Activation of p38^MAPK results in E2F4 phosphorylation and subsequent interaction of the latter with the cdc2 promoter.

The interaction of E2F4 with the cdc2 promoter, triggered by ligand-dependent activation of p75^NTR, raises the question as to how such an interaction is induced. We reasoned that active p38^MAPK could phosphorylate E2F4 in DCRNs. Therefore, immunoprecipitation with rabbit antisera specific for E2F4, followed by Western blotting with anti-phospho-Thr MAbs, was performed in cell extracts from DCRNs treated for 30 min with either NGF or vehicle. This analysis demonstrated that E2F4 became Thr phosphorylated in response to NGF, being this effect blocked by SB203580 (Fig. 8A). In contrast, a similar analysis carried out with antibodies specific for E2F1 or CMAGE demonstrated that these proteins were not Thr phosphorylated in response to NGF (Fig. 8B and c).
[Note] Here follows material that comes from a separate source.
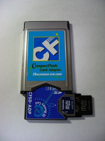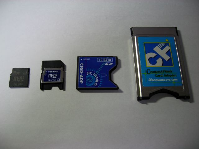 左から,miniSDカード,miniSDカードアダプタ,SDカードアダプタ,CFカードアダプタ。

Interestingly, the interaction of E2F4 with the cdc2 promoter triggered by NGF was abolished by SB203580, as evidenced by ChIP analysis (Fig. 8D), indicating that Thr phosphorylation is crucial for the interaction of E2F4 with the E2F-responsive cdc2 promoter. Overall, these results suggest that, in response to NGF, p38^MAPK-dependent phosphorylation of E2F4 is required for the induction of cell cycle reentry in DCRNs.
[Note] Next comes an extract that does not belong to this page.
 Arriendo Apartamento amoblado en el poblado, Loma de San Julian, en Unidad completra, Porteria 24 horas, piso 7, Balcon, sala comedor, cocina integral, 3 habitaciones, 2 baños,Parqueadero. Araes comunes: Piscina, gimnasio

Fig 8 — Thr phosphorylation of E2F4 is required for binding to the *cdc2* promoter. (A) The upper panel shows a Western blot with an anti-phospho-Thr-specific antibody in E2F4-specific immunoprecipitates from DCRNs treated with different combinations of NGF and SB203580. The bottom panel shows a Western blot with an anti-E2F4-specific antibody from inputs. (B) The upper panel shows a Western blot with an anti-phospho-Thr-specific antibody in E2F1-specific immunoprecipitates from DCRNs treated with either NGF or vehicle. The bottom panel shows a Western blot with an anti-E2F1-specific antibody from inputs. (C) The upper panel shows a Western blot with an anti-phospho-Thr-specific antibody in CMAGE-specific immunoprecipitates from DCRNs treated with either NGF or vehicle. The bottom panel shows a Western blot with the CMAGE-specific NC243 antiserum from inputs. (D) ChIP analysis of the occupancy of the chick *cdc2* promoter by E2F4 in DCRNs treated for 30 min with different combinations of NGF or SB203580. Anti-E2F4 (αE2F4) or irrelevant (Mock) antibodies used for immunoprecipitation. INPUT, RT-PCR amplification from extracts before immunoprecipitation.
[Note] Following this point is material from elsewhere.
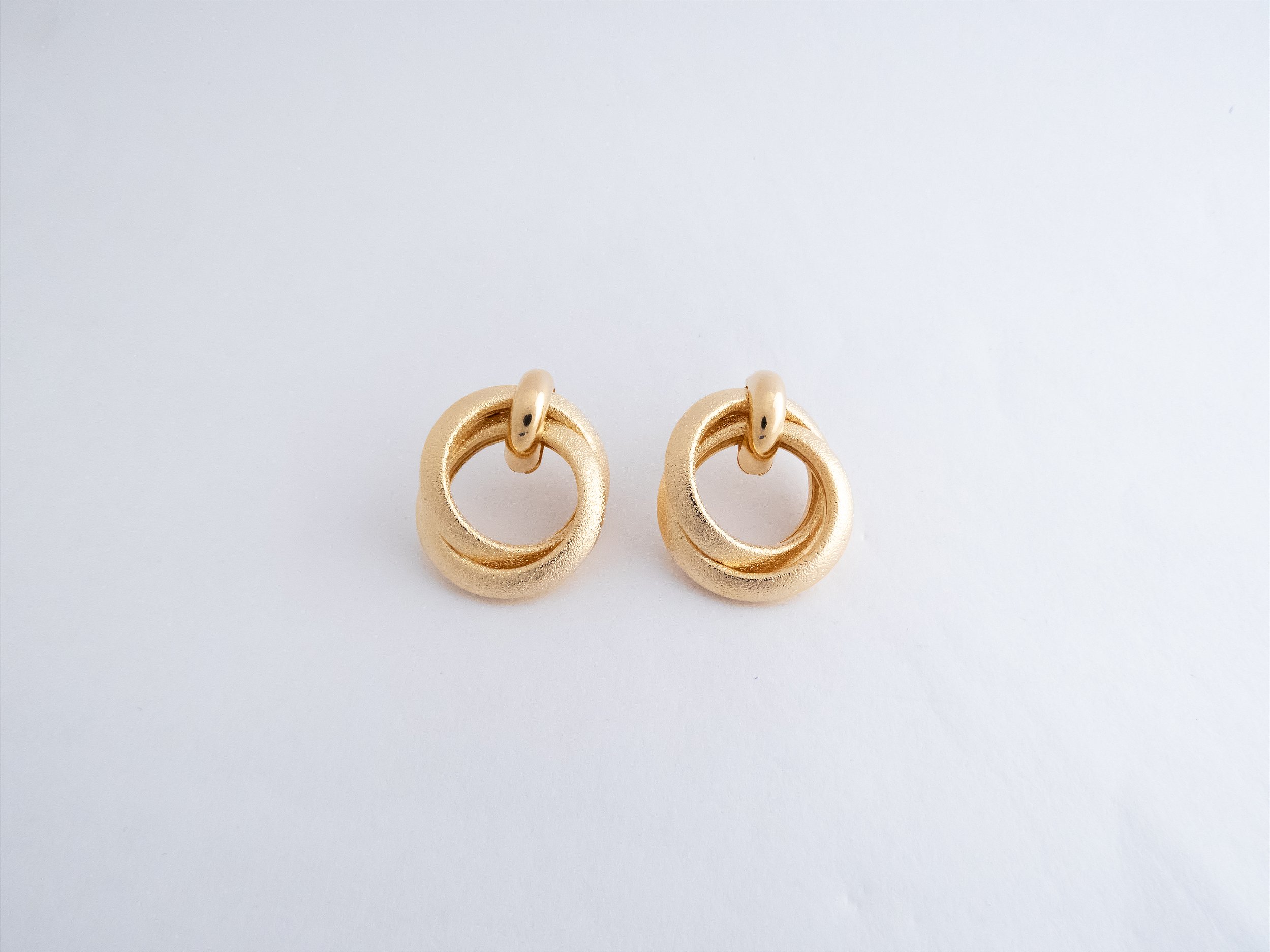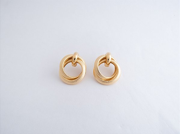 Brinco com 2 círculos entrelaçados com efeito craquelado. Fechamento em tarracha. Banhado a ouro 18k.

A phosphomimetic mutant form of E2F4 induces cell cycle reentry and apoptosis in DCRNs.

NetPhosK 1.0 software was used to predict putative p38^MAPK phosphorylation sites within the amino acid sequence of chick E2F4. This analysis indicated the presence of two unique Thr residues at positions 261 and 263, susceptible to being phosphorylated by p38^MAPK (Fig. 9A). These residues lay within an E2F4 region in which no function has been described thus far, between the protein dimerization/marked box domain and the transactivation domain. We refer to this region as the “regulatory domain” (Fig. 9). These residues are conserved in other vertebrate E2F4s (Fig. 9B) but not in chick E2F1 (accession number NP_990550).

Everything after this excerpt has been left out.